I am diecast but my wife likes Tweety so I better not show her that one. lol


----------



## videojimmy (Jan 12, 2006)

A few fun ones, but I'm more interested in the chassis


----------



## JordanZ870 (Nov 25, 2004)

I have a clear body or two that will need those chassis!


----------



## slotcarman12078 (Oct 3, 2008)

Hmmm.. So do I Joe!!  That red one would be wicked under Ghost Rider's ride!


----------



## eastside johnny (May 13, 2008)

joez870 said:


> I have a clear body or two that will need those chassis!


My thoughts too


----------



## Marty (Oct 20, 1999)

I forsee a lot of bodies being sold and the chassis being kept.
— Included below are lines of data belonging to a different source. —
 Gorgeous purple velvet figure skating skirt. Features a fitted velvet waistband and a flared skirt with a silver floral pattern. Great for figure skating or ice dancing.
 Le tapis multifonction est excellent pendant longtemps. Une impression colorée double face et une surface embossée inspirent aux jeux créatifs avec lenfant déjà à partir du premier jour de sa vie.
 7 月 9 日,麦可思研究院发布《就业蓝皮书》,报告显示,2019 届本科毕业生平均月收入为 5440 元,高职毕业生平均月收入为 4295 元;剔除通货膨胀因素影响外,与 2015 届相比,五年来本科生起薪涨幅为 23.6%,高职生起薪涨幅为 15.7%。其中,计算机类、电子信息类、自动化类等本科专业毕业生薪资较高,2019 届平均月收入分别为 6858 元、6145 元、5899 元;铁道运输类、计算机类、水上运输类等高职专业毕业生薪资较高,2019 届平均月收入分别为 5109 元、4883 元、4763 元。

I know I want some of the chassis.

Marty
Marysville, OH


----------



## demether (Aug 26, 2008)

Chassis are also particularly interesting for highly modified racing tjets, where realism is behind performance. It's a cool way to make a performance car diferent !


----------



## ho3taz (Jan 31, 2004)

well they look better than the rat cars and i like the chassis they look cool
i might buy the 2nd set :thumbsup::wave:


----------



## sethndaddy (Dec 4, 2004)

I like the white thunder versions the best, the white seems to dull down some of the color excitement.
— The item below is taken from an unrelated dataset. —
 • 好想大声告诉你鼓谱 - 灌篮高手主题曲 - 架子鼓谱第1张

Colored chassis, I wanted them for awile too.

thanks for the pics Rich.


----------



## Ralphthe3rd (Feb 24, 2011)

Hmmmm....All this interest in the Clear Chassis !? But why ? Is it better ?....I don't think it's a better material than Nylatron !? Then again, maybe AW Chassis were never made out of Nylatron in the first place, and those very first Johnny Lightning chassis that were Black seemed more like Delrin ?
Anyway, how well will these Clear chassis hold up to HEAT and/or friction at the bearing points ? Inquiring minds want to know ?!


----------



## slotcarman12078 (Oct 3, 2008)

My thoughts exactly Ralph. Not sure if that material is merely decoration. But for one off customs that get a few parade laps for time to time, with a bunch of blinky and non blinky LEDs, it is intriguing!


----------



## demether (Aug 26, 2008)

> But why ? Is it better ?....



I guess it's like red cars. It MUST go faster then other ones


----------



## JordanZ870 (Nov 25, 2004)

demether said:


> I guess it's like red cars. It MUST go faster then other ones


:lol: too funny by half!


----------



## NTxSlotCars (May 27, 2008)

Great, if you're a looney tunes fan.
What really interests me about this release is the bodies themselves.
All of them, except maybe the sandvan, have all kinds of possibilities.
Would AW consider a release of blanks?
The colored chassis are neat too.


----------



## Kurl3y (Mar 16, 2012)

NTxSlotCars said:


> Great, if you're a looney tunes fan.
> What really interests me about this release is the bodies themselves.
> All of them, except maybe the sandvan, have all kinds of possibilities.
> Would AW consider a release of blanks?
> The colored chassis are neat too.


I like the colored chassis it's different, .. I agree with Bill Hall, how can you even consider putting the Road Runner on a Chevy .. I wonder who the genius was on that one. The rest well ..I'll buy them only because they remind me of Saturday and Sunday mornings chowing a big bowl of ceral until Noon when Bill Kennedy at the Movies came on .. then it was time to bail.


----------